This hook is only available in internal environments where the ml_tracker library is accessible. Use add_to_ml_tracker() to add data that should be logged to the tracking system.

__init__(project: str, name: str, config: Dict, id=None) None[source]

TraceToOdpsHook

recis.hooks.trace_to_odps_hook.add_to_trace(name: str, tensor: Tensor | ndarray | list = None)[source]

Adds data to the trace map for ODPS logging.

This function adds training data to the global trace map that will be uploaded to ODPS tables. Supports tensors, numpy arrays, and lists.

Parameters:
  • name (str) – Name/key for the data being traced.

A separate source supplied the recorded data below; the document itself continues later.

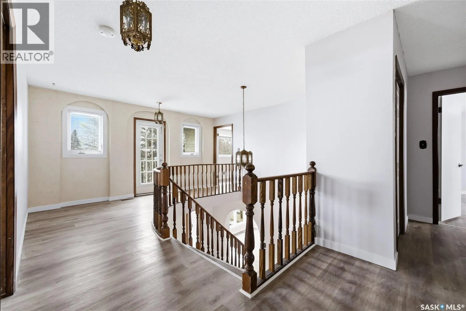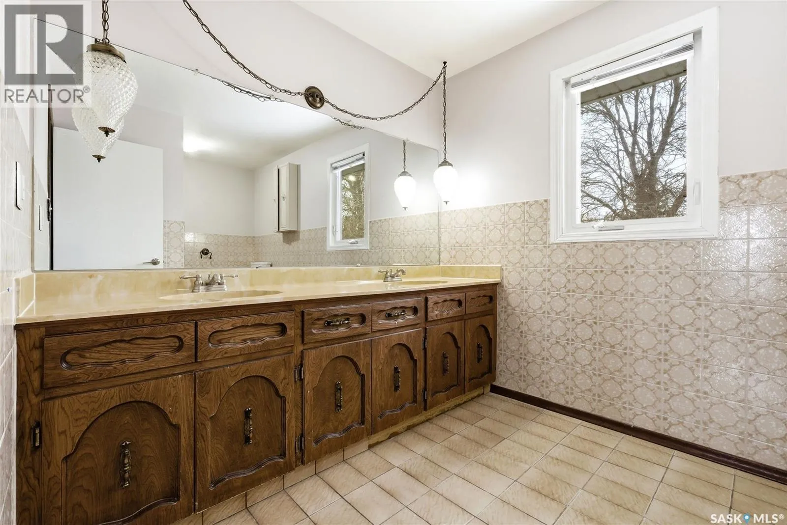 Welcome to 30 Dalhousie Way in Reginaâs desirable University Park neighborhood! This spacious two-storey home offers 2,468 sq ft of well-designed living space and is perfect for growing families. The main floor features a bright and inviting living room with large front-facing windows, a formal dining area, and a functional kitchen with plenty of cabinetry and workspace. A cozy family room provides additional living space and is ideal for relaxing or entertaining, along with a convenient 2-piece bathroom. Upstairs, youâll find multiple generously sized bedrooms including a large primary bedroom complete with a 3-piece ensuite. A full 5-piece bathroom and second-floor laundry add to the homeâs practicality and comfort. The fully developed basement offers even more space with a large recreation room, office, and an additional 2-piece bathroomâperfect for a home office, gym, or extra living area. Situated on a 6,714 sq ft lot, the property features a fenced yard with deck, mature trees, and great outdoor space to enjoy. The double attached garage and double concrete driveway provide ample parking. Built in 1977, this home offers solid construction, a functional layout, and excellent potential in a prime east Regina location. (id:27476)
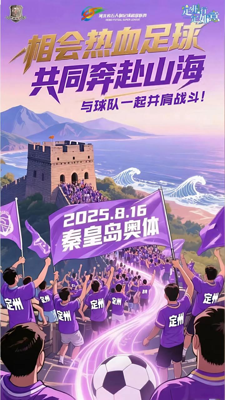 长城网·冀云客户端讯(记者 李沛涵 通讯员 安文硕)8月10日,2025年河北省五人制足球超级联赛在石家庄中山体育馆开赛。定州队首战将于8月16日19:00打响,客场出征秦皇岛市奥体中心体育馆,与秦皇岛队一较高下。对此,定州发布“球迷远征召集令”,征集球迷赴现场为球队加油助威。
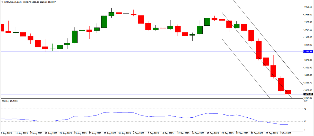Pada hari Senin 02 Oktober 2023, harga emas terus merosot untuk sesi keenam secara berturut-turut, mencapai level terendah dalam tujuh bulan. Penguatan dolar dan prospek suku bunga AS yang lebih tinggi telah membuat emas kehilangan kilauannya.
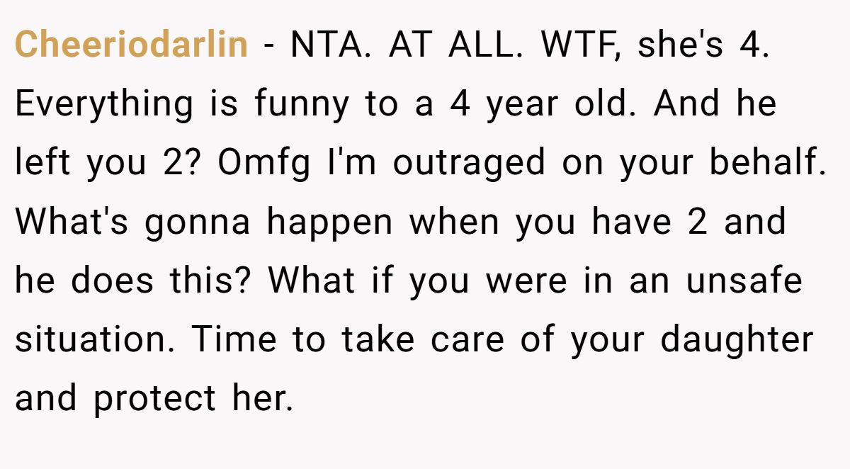 Reddit user Cheeriodarlin passionately defends the original poster (OP), slamming her boyfriend’s outrageous decision to abandon a pregnant woman and her 4-year-old daughter over a harmless remark, urging OP to prioritize her daughter’s safety and well-being.
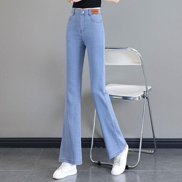 新款 夏季 牛仔褲 夏季天絲喇叭褲牛仔褲女薄款2026新款時尚高腰顯瘦微喇冰絲長褲女 鑫奧精品
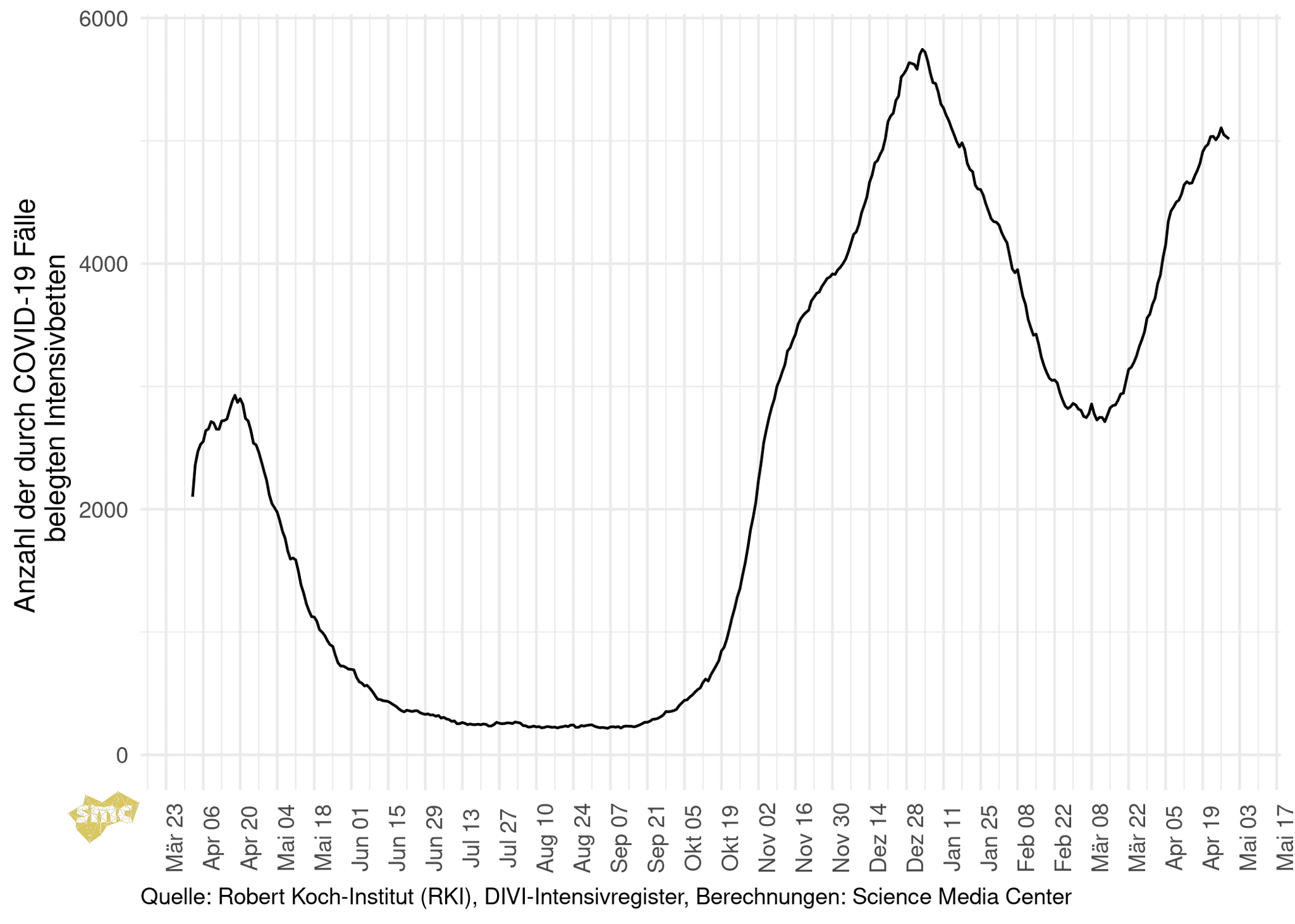Auf den Intensivstationen ist aktuell kein Wachstum der Zahl der durch COVID-19-Fälle belegte Betten zu beobachten. Da sich diese Bettenzahl noch auf hohem Niveau befindet, kann erst nach einem deutlichen Rückgang von einer Entspannung gesprochen werden.
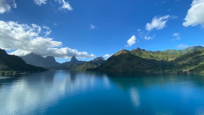 The glorious island of Moorea! I booked a morning 4wd island tour and it turned out a nice couple from Vancouver who were on my my Marquesas tour were also on it! 8 of us in total, originally all in the back of a pickup truck converted to an open-air bus with 2 rows of seats lining the bed of the truck. Our first stop was a viewpoint up a very steep and bumpy road and one poor little old lady could barely keep from sliding off onto the floor so she rode in the cab the rest of the day. All the jarring was worth the spectacular view:
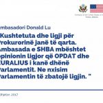 Lidhur me procesin e zgjedhjes së Prokurorit të Përgjithshëm, pas përfundimit të mandatit për Adriatik Llallën, ka reaguar edhe ambasadori i SHBA-së në Tiranë Donald Lu. Ambasada e SHBA-ve në Tiranë në një postim në Facebook, citon fjalët e ambasadorit Lu për këtë proces. “Kushtetuta dhe ligji për prokurorin janë të qarta. Ambasada e SHBA-së mbështet opinionin ligjor që OPDAT dhe Euralius i kanë dhënë parlamentit. Ne nxisim parlamentin që të zbatojë ligjin’, thuhet në tekst.

  • tensor (Union[torch.Tensor, np.ndarray, list]) – Data to be traced. Must be one of the supported types.

Raises:

ValueError – If the tensor type is not supported.

Example

>>> import torch
>>> import numpy as np
>>> # Add tensor data
>>> embeddings = torch.randn(100, 64)
>>> add_to_trace("user_embeddings", embeddings)
>>> # Add numpy array
>>> features = np.random.rand(100, 32)
>>> add_to_trace("item_features", features)
>>> # Add list data
>>> user_ids = [1, 2, 3, 4, 5]
>>> add_to_trace("user_ids", user_ids)

Note

Tensor data is automatically converted to numpy arrays for compatibility with ODPS. A warning is logged if data with the same name already exists.

class recis.hooks.trace_to_odps_hook.TraceToOdpsHook(config: Dict, fields: List[str], types: List[str], worker_num: int = 1, size_threshold: int = 52428800)[source]

Hook for tracing training data to ODPS tables.

The TraceToOdpsHook provides high-performance data collection and upload capabilities for training traces. It uses multiprocessing to avoid blocking the main training process and supports configurable batching and buffering.

Parameters:
  • config (Dict) – ODPS configuration dictionary containing connection details. Required keys: access_id, access_key, project, end_point, table_name. Optional keys: partition.

  • fields (List[str]) – List of field names for the ODPS table schema.

  • types (List[str]) – List of field types corresponding to the fields.

  • worker_num (int) – Number of worker processes for parallel uploads. Defaults to 1.

  • size_threshold (int) – Buffer size threshold in bytes for triggering flushes. Defaults to 50 MiB.

queue

Multiprocessing queue for data transfer.

Type:

Queue

writer_num

Number of writer processes.

Type:

int

writers

List of writer process instances.

Type:

List[TraceWriter]

Example

>>> from recis.hooks import TraceToOdpsHook, add_to_trace
>>> # Configure ODPS connection
>>> config = {
...     "access_id": "your_access_id",
...     "access_key": "your_access_key",
...     "project": "your_project",
...     "end_point": "your_endpoint",
...     "table_name": "training_traces",
...     "partition": "dt=20231201",
... }
>>> # Define table schema
>>> fields = ["user_id", "item_id", "embedding", "score"]
>>> types = ["bigint", "bigint", "string", "double"]
>>> # Create hook
>>> odps_hook = TraceToOdpsHook(
...     config=config, fields=fields, types=types, worker_num=2
... )
>>> trainer.add_hook(odps_hook)
>>> # During training, add data to be traced
>>> add_to_trace("user_embeddings", user_embeddings)
>>> add_to_trace("item_scores", item_scores)
>>> # The hook will automatically upload data after each step

Note

This hook is only available in internal environments where ODPS access is configured. Use add_to_trace() to add data that should be uploaded to ODPS tables.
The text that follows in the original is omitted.